Life on the West Island - Booby traps

23 November 2023

Shortly after the 2022 federal poll Life on the West Island observed that it was probably a bad election for Anthony Albanese to win. Awaiting him was a slew of booby traps set by the incompetent outgoing Morrison government, which had made many expensive election spending promises, both inside and outside the federal budget.
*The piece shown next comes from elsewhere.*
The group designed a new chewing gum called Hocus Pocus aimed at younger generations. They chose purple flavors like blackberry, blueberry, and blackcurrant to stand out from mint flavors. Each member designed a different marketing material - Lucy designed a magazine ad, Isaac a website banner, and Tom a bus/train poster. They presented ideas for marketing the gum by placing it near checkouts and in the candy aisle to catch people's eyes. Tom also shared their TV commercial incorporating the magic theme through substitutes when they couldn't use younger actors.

Labor was sucked in to committing to honouring these pledges and is now having to live with the consequences of the economic damage they threaten to the nation.

Perhaps the largest of these unfunded boondoggles was around $400 billion for the hastily cobbled together AUKUS nuclear submarine deal, which is looking increasingly shaky as both Britain and the United States have cast doubt on whether these submersible war platforms can be delivered by 2040; hesitating to commit to them being built on the West Island; and hinting that the costs could blow out by further tens of billions of dollars. All that is without any sensible government analysis of whether nuclear submarines would actually bolster the nation’s defences or perhaps instead make the West Island a nuclear target and tie us in to any potential and unwinnable war with China.
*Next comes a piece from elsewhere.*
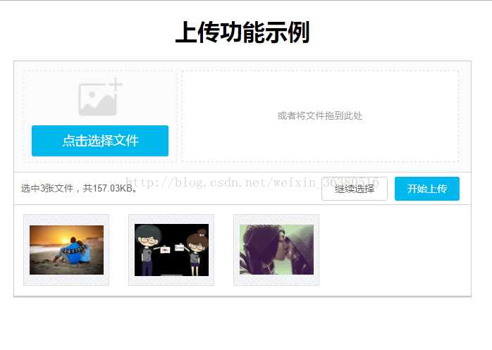 在做圖片上傳時發(fā)現(xiàn)一個蠻好用的控件,支持多張圖片同時上傳,可以點(diǎn)擊選擇圖片,也可以將圖片拖拽到上傳框直接上傳,方便,好用,接口也簡單,基本可以直接放到項(xiàng)目里使用。

Then there are the totally unjustified State Three Tax Cuts, due on the schedule set by Scott Morrison and Josh Frydenberg to be implemented from 1st July 2024 at an estimated cost to the budget of at least $270 billion. At a time when we are constantly regaled about the “cost of living crisis” and the clear growth of the gap between rich and poor, these tax cuts would make the gap much wider. This is because they are targeted only at high income earners and offer not a single cent to the individuals or households which are struggling most with the inflationary spiral in living costs. Despite Labor’s pledge to honour these unjustified tax cuts, it is inconceivable that in the lead up to the next election it can survive if it goes ahead with a booby-trapped programme to make life worse for the vast majority of voters. At worst, it might delay the implementation of Stage Three cuts, but it may have to bite the bullet of being accused of breaking an election promise by either scrapping them completely or else recasting the package so that the benefits go to those who need them most, not to wealthy individuals earning $200,000 or more a year.
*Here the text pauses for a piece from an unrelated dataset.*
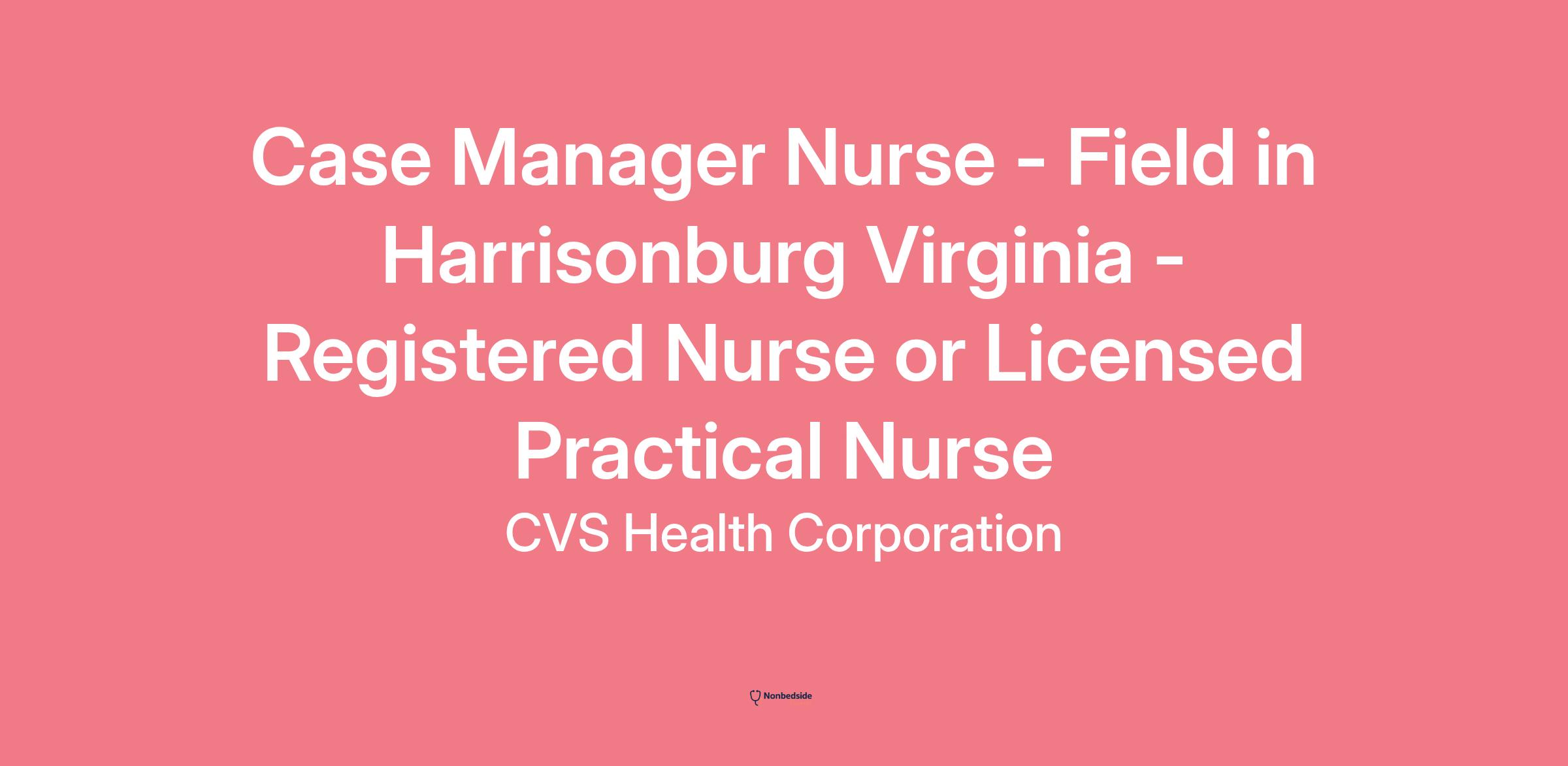 At CVS Health, we’re building a world of health around every consumer and surrounding ourselves with dedicated colleagues who are passionate about transforming health care.As the nation’s leading health solutions company, we reach millions of Americans through our local presence, digital channels and more than 300,000 purpose-driven colleagues – caring for people where, when and how they choose in a way that is uniquely more connected, more convenient and more compassionate. And we do it all with heart, each and every day.***Must reside in or near Harrisonburg VA*****Position Summary:**### This Case Management position is with Aetna’s Long-Term Services and Supports (LTSS) team and is a field-based position out of Harrisonburg Virginia. The requirements is for candidates to hold a Virginia RN or LPN License, and travel up to 50-75% of the time to meet with members face to face**.**### ### **The Nurse Case Manager** is responsible for evaluating and coordinating care for members to improve their overall health and wellness. This includes:* ### Assessing medical needs and eligibility.* ### Developing care plans to address short- and long-term health goals.* ### Using clinical tools and data to guide decisions.* ### Coordinating services across programs and providers.* ### Addressing complex health and social issues.* ### Reviewing claims and functional capacity.* ### Referring members to appropriate clinical resources.* ### Collaborating with supervisors and multidisciplinary teams.* ### Ensuring compliance with policies and regulations.* ### Engaging members through effective communication.### W**ork Location & Travel Requirements:** This is a **Work-at-Home (WAH)** position based out of the candidate’s residence in Harrisonburg, VA, with **up to 75% field travel**. The role requires a secure, HIPAA-compliant home workspace with reliable phone and hard-wired internet service. Work hours are Monday through Friday, 8 AM to 5 PM EST. Colleagues must be accessible via phone, videoconference, and email during scheduled hours and ensure that personal responsibilities, including dependent care, do not interfere with work duties. As a **field-based role**, the Nurse Case Manager will regularly travel to various locations including member homes, healthcare facilities (e.g., nursing homes, rehab centers), community sites, and client or company locations. Unlike office-based roles, field-based colleagues do not have a single primary worksite and may work in multiple locations throughout the week or month.### **Required Qualifications:*** ### Candidates must reside in or near Harrisonburg, VA* ### Must possess reliable transportation and be willing and able to travel up to 50-75% of the time. Mileage is reimbursed per our company expense reimbursement policy* ### LPN/RN with current unrestricted Virginia state licensure required.* ### 3 years Clinical Experience (Preferably in Medical-Surgical Nursing, Behavioral Health, Long term Care, etc.)* ### 1+ years Managed Care experience.* ### Position requires proficiency with computer skills which includes navigating multiple systems and keyboarding.### ### **Preferred Qualifications*** ### Case Management in an integrated model preferred (Waiver and IDDP-Combination of different services)* ### Bilingual in English/Spanish### **Education:**### Associates degree in Nursing Required; prefer a BSN### **Technology Skills:*** ### Proficient in Multisystem Navigation: Comfortable using multiple monitors and systems simultaneously to streamline tasks and improve efficiency.* ### Effective Multitasker: Skilled at talking and typing concurrently while managing various responsibilities with focus and accuracy.* ### Basic Technical Troubleshooting: Able to set up and connect essential hardware (monitors, keyboards, etc.) and resolve common technical issues independently.* ### Digital Collaboration & Documentation: Experienced in electronic documentation and virtual collaboration tools to support remote teamwork and communication.* ### Highly Organized & Results-Oriented: Maintains a structured approach to work, ensuring tasks are completed on time and in alignment with performance metrics.* ### Metric-Driven Performance: Demonstrates accountability by consistently meeting or exceeding established goals and expectations.* ### Clean & Efficient Workspace Management: Keeps workspaces tidy and organized to support productivity and comply with professional standards**Anticipated Weekly Hours**40**Time Type**Full time**Pay Range**The typical pay range for this role is:$60,522.00 - $129,615.00This pay range represents the base hourly rate or base annual full-time salary for all positions in the job grade within which this position falls. The actual base salary offer will depend on a variety of factors including experience, education, geography and other relevant factors. This position is eligible for a CVS Health bonus, commission or short-term incentive program in addition to the base pay range listed above. Our people fuel our future. Our teams reflect the customers, patients, members and communities we serve and we are committed to fostering a workplace where every colleague feels valued and that they belong.**Great benefits for great people**We take pride in our comprehensive and competitive mix of pay and benefits – investing in the physical, emotional and financial wellness of our colleagues and their families to help them be the healthiest they can be. In addition to our competitive wages, our great benefits include:* **Affordable medical plan options,** a **401(k) plan** (including matching company contributions), and an **employee stock purchase plan**.* **No-cost programs for all colleagues** including wellness screenings, tobacco cessation and weight management programs, confidential counseling and financial coaching.* **Benefit solutions that address the different needs and preferences of our colleagues** including paid time off, flexible work schedu

This week saw the fallout from another infamous pet programme of the Morrison government – pork barrelling. For years, the coalition promised massive spending on doubtful infrastructure projects, especially in marginal electorates and those they held. This was particularly reprehensible, because it is the states and territories which are actually responsible for building and delivering most infrastructure projects with the Commonwealth providing a relatively small proportion of direct funding for them.

Alarmed at massive cost over-runs on many projects and the lack of business cases for most of them, the federal government commissioned two in-depth reviews, and this week announced that it would not be providing federal funds for some, provoking howls of protest from potential beneficiaries of some of the pork-barrelling.

The politics and economics of these decisions were best explained in a common sense analysis by senior economic writer Michael Pascoe:

Contrary to just about every headline you’ve seen, the federal government’s infrastructure cutbacks do not come as a surprise to the industry and actually won’t make much of a dent in the massive spending underway.

The Albanese Government and headline writers are still caught up in the cheap trick Joe Hockey played in 2014 to disguise his slashing of infrastructure investment when the country and economy desperately needed it. It was a trick repeated by every subsequent Liberal Treasurer. Labor adopted the “$120 billion infrastructure investment” headline Treasurer Frydenberg left them as an election present, along with the much smaller type “over 10 years” – an average of $12 billion a year in dollars of the day.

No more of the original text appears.